** AIM OF THE TASK **
Go to the line with "MultiWriterの消耗" in the entries below and write out every line from there through the line with "Sampling ocean quahog", exactly and without pictures.

── DATA IN THIS EXERCISE ──

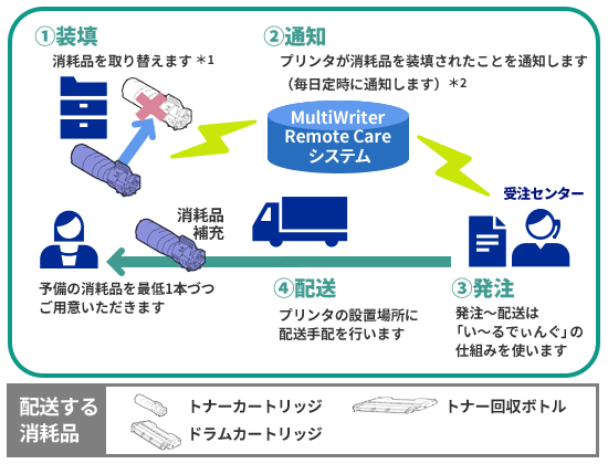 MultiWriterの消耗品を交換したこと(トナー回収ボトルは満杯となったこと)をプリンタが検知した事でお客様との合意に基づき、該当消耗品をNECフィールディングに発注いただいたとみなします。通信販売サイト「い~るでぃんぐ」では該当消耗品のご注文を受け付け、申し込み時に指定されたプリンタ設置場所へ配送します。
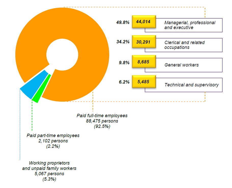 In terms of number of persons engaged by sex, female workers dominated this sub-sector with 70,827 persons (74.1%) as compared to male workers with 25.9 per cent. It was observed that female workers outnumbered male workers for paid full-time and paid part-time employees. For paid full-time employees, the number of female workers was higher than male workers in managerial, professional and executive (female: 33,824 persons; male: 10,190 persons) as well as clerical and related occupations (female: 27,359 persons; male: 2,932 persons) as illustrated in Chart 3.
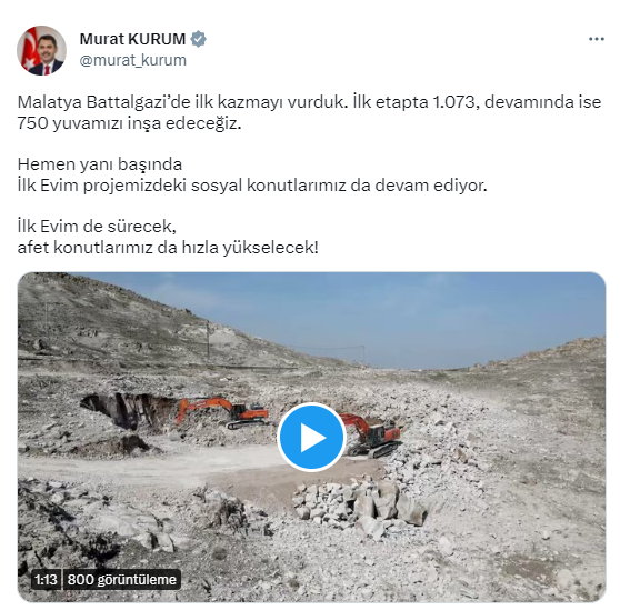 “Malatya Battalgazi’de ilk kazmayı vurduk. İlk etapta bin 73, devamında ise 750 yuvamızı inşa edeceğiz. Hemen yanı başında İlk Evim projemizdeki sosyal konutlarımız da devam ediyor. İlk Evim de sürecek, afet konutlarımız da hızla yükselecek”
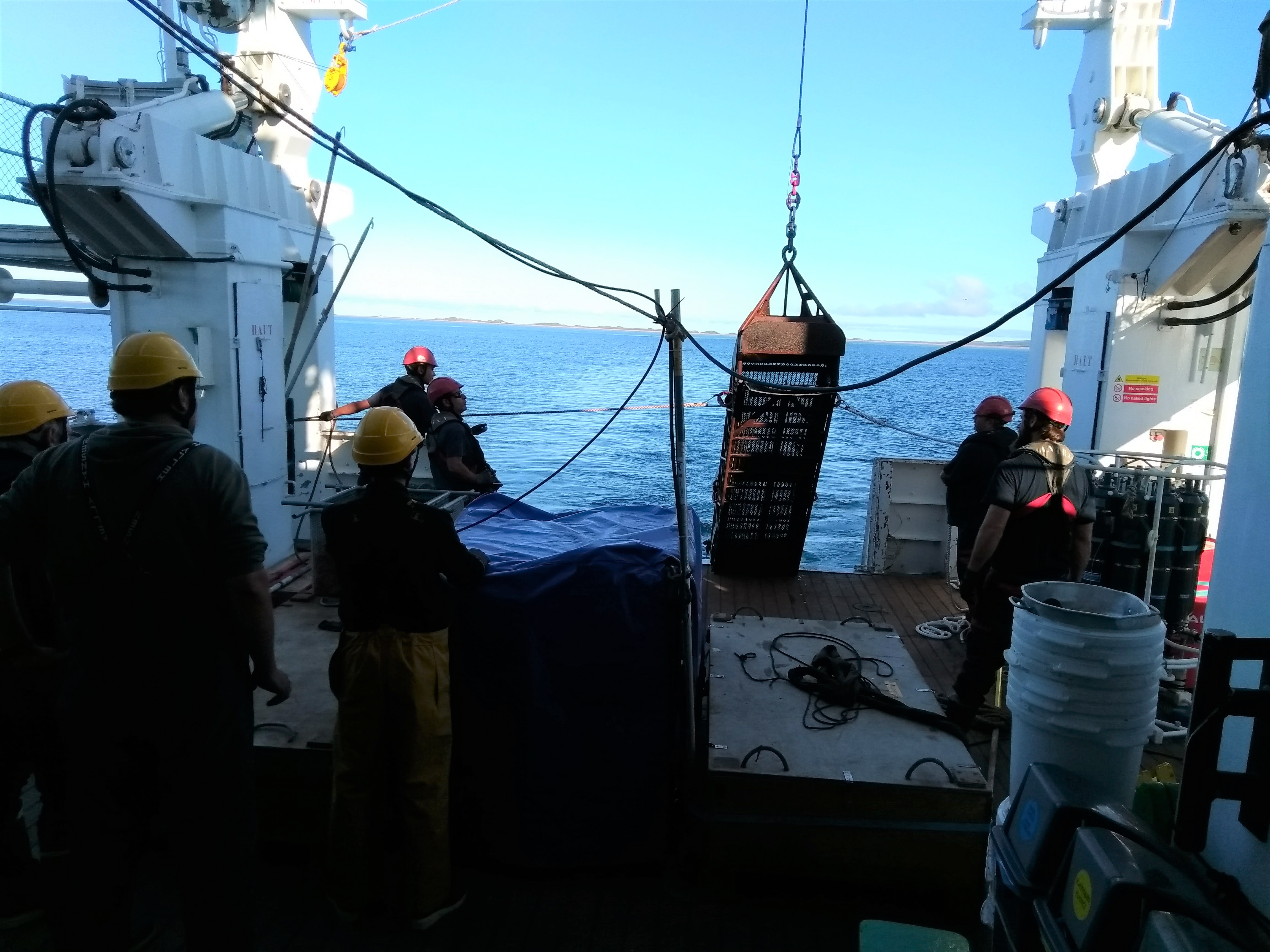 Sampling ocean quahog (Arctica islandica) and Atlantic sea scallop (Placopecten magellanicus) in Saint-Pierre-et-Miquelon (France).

───
── DATA IN THIS EXERCISE ──

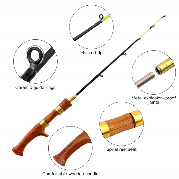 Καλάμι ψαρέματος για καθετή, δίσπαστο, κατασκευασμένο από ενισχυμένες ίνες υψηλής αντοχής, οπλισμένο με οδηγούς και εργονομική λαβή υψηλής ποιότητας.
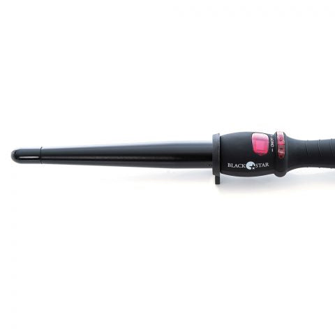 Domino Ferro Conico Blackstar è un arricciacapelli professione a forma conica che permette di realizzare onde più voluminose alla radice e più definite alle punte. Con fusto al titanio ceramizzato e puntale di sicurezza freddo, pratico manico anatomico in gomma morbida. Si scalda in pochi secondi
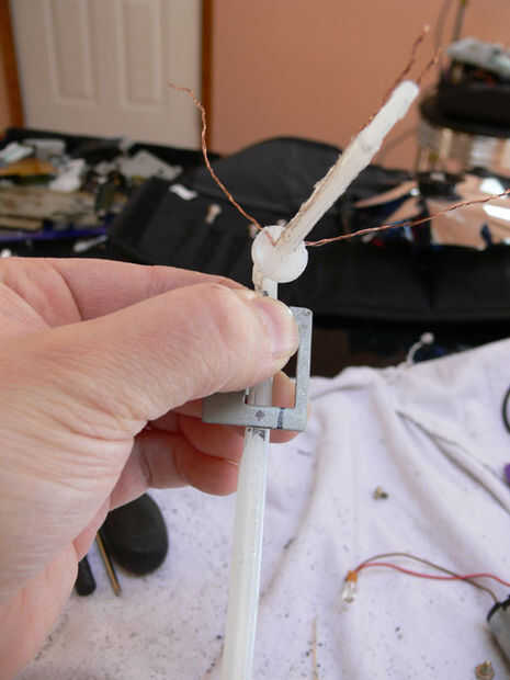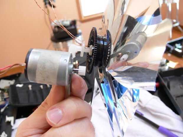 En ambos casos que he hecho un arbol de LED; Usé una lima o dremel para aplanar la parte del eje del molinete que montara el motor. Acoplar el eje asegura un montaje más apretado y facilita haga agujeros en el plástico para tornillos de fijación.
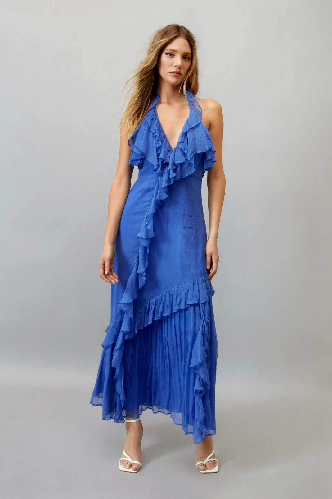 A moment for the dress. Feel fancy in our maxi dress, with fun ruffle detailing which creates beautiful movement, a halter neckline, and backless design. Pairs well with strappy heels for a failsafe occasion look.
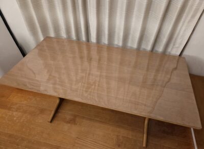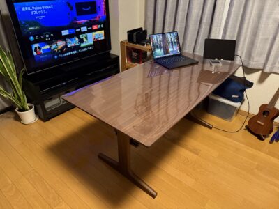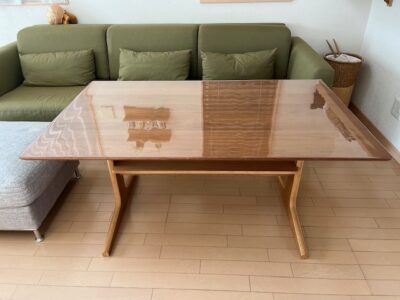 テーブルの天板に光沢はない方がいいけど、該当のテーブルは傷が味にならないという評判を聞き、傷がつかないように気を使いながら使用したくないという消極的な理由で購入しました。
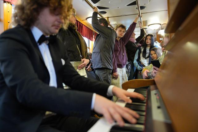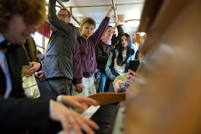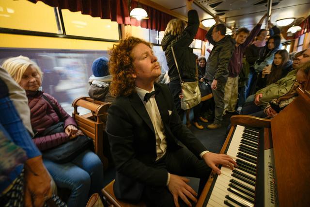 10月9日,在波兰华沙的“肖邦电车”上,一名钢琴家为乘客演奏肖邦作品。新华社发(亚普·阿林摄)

───
── DATA IN THIS EXERCISE ──

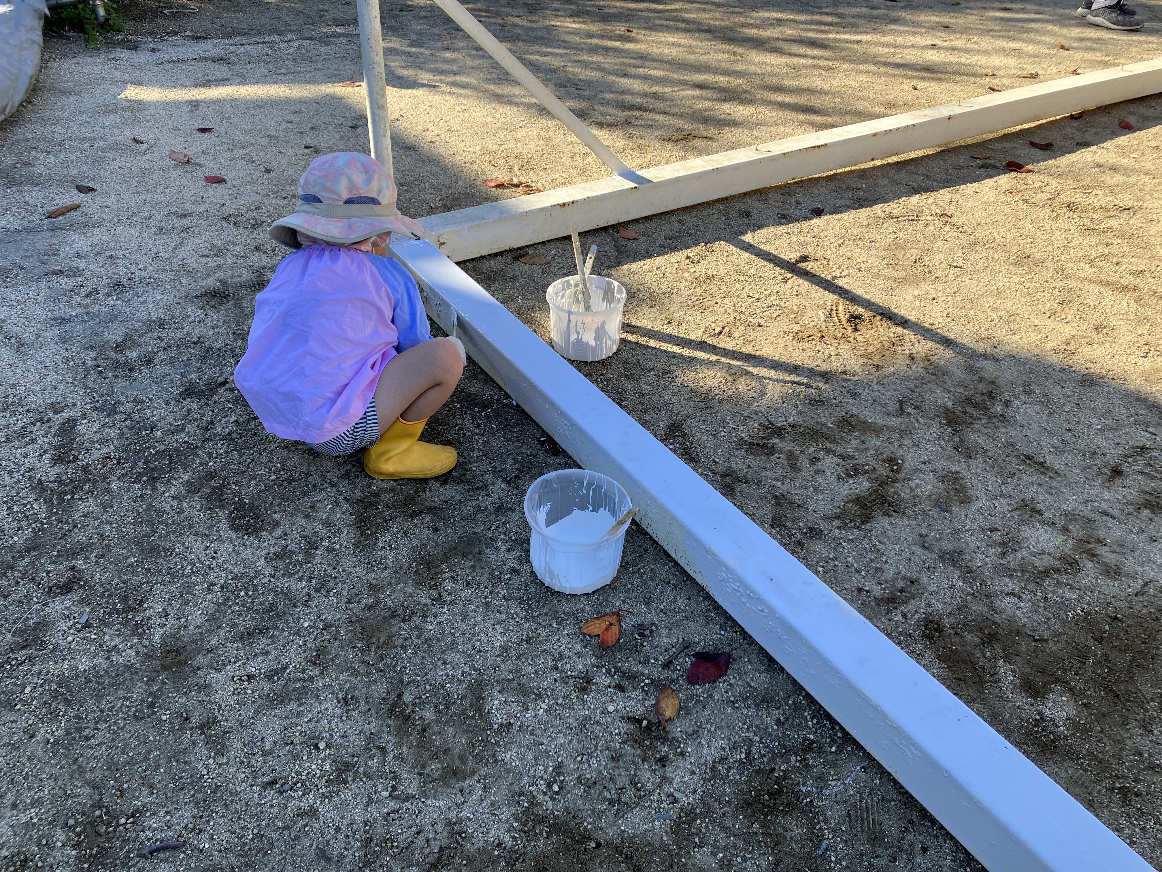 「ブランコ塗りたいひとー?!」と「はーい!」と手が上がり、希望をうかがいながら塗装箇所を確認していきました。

───

** RESULT FOR THIS TASK **
 MultiWriterの消耗品を交換したこと(トナー回収ボトルは満杯となったこと)をプリンタが検知した事でお客様との合意に基づき、該当消耗品をNECフィールディングに発注いただいたとみなします。通信販売サイト「い~るでぃんぐ」では該当消耗品のご注文を受け付け、申し込み時に指定されたプリンタ設置場所へ配送します。
 In terms of number of persons engaged by sex, female workers dominated this sub-sector with 70,827 persons (74.1%) as compared to male workers with 25.9 per cent. It was observed that female workers outnumbered male workers for paid full-time and paid part-time employees. For paid full-time employees, the number of female workers was higher than male workers in managerial, professional and executive (female: 33,824 persons; male: 10,190 persons) as well as clerical and related occupations (female: 27,359 persons; male: 2,932 persons) as illustrated in Chart 3.
 “Malatya Battalgazi’de ilk kazmayı vurduk. İlk etapta bin 73, devamında ise 750 yuvamızı inşa edeceğiz. Hemen yanı başında İlk Evim projemizdeki sosyal konutlarımız da devam ediyor. İlk Evim de sürecek, afet konutlarımız da hızla yükselecek”
 Sampling ocean quahog (Arctica islandica) and Atlantic sea scallop (Placopecten magellanicus) in Saint-Pierre-et-Miquelon (France).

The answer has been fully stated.